[FOM] Godel and PA

Joe Shipman joeshipman at aol.com
Sat Mar 4 12:41:59 EST 2017


This was the point of my original query. There is a very easy isomorphism between the theory of HF and the theory of Peano arithmetic where exponentiation is a built in function whose totality is assumed. If you only have addition and multiplication in your language there is much more technical work to do which only obscures the metamathematical issues.  The representability of exponentiation in terms of addition and multiplication ought to be treated as a separate (and interesting and important) result but not as an essential component of "Godel's Incompleteness Theorems": even though historically Godel also proved this result it should be seen as a different piece of math.

For an interesting alternative development, I recommend very strongly Manin's GTM text, which does all the major results up through Matijasevich's in a very different order with very different dependencies.

-- JS

Sent from my iPhone

> On Mar 4, 2017, at 8:51 AM, Lawrence Paulson <lp15 at cam.ac.uk> wrote:
> 
> This may be a good time for another plug for "Finite sets and Gödel's incompleteness theorems" by S. Świerczkowski.
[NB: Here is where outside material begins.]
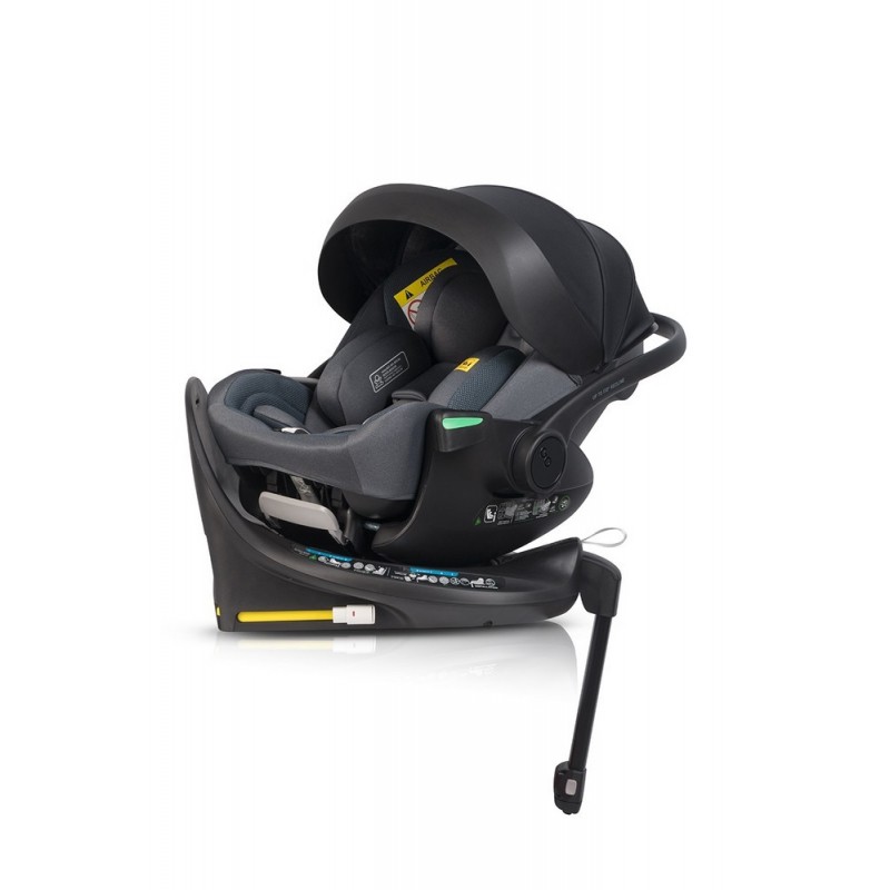 Oznacza to, że nie trzeba go wypinać z bazy, aby obrócić go przodem lub tyłem do kierunku jazdy. Fotelik można również ustawić bokiem, co okaże się niezwykle praktyczną funkcją przy usadzaniu dziecka lub podczas postoju na przykład na czas karmienia.

He he fixes on the hereditarily finite sets (rather than natural numbers) as the foundation and presents a clear and reasonably formal development, with rather few gaps. His preference for basing the formalisation on Sigma-formulas eliminates the need for the upper bounds that started this thread. The penalty for this convenience is that certain parts of the argument will have to be formalised explicitly in the embedded calculus, but most readers will be prepared to take that for granted. He also simplifies the condition of omega-consistency to just consistency (an aspect of the argument that I never really grasped).
> 
> As with Gödel's work on constructible sets, subsequent presentations are often very clear, and going to Gödel’s original publications only make sense on historical grounds and to read his often insightful comments on his aims for the work.
> 
> https://eudml.org/doc/285944
> 
> Larry Paulson
> 
> 
>> On 3 Mar 2017, at 17:40, Richard Heck <richard_heck at brown.edu> wrote:
>> 
>>> On 03/02/2017 06:34 PM, Martin Davis wrote:
>>> Godel proved his theorems not for PA, but for a system with a countable  infinity of types and atomic formulas of the form a(b)  where a is one type higher than b. Peano postulates were assumed for the bottom type. And he did prove, as a separate result, that all primitive recursive relations are arithmetic.
>> 
>> Just to be completely precise: In the system Gödel calls P, the axioms he assumes at type 1 are just the successor axioms and induction (as a single axiom). I.e., he does not include axioms for addition and multiplication. Indeed, + and × are not primitives but are treated as defined, presumably via the Dedekind-Frege method. (The same goes for equality.) What this means is that the proof Gödel actually gives does make real use of the type structure.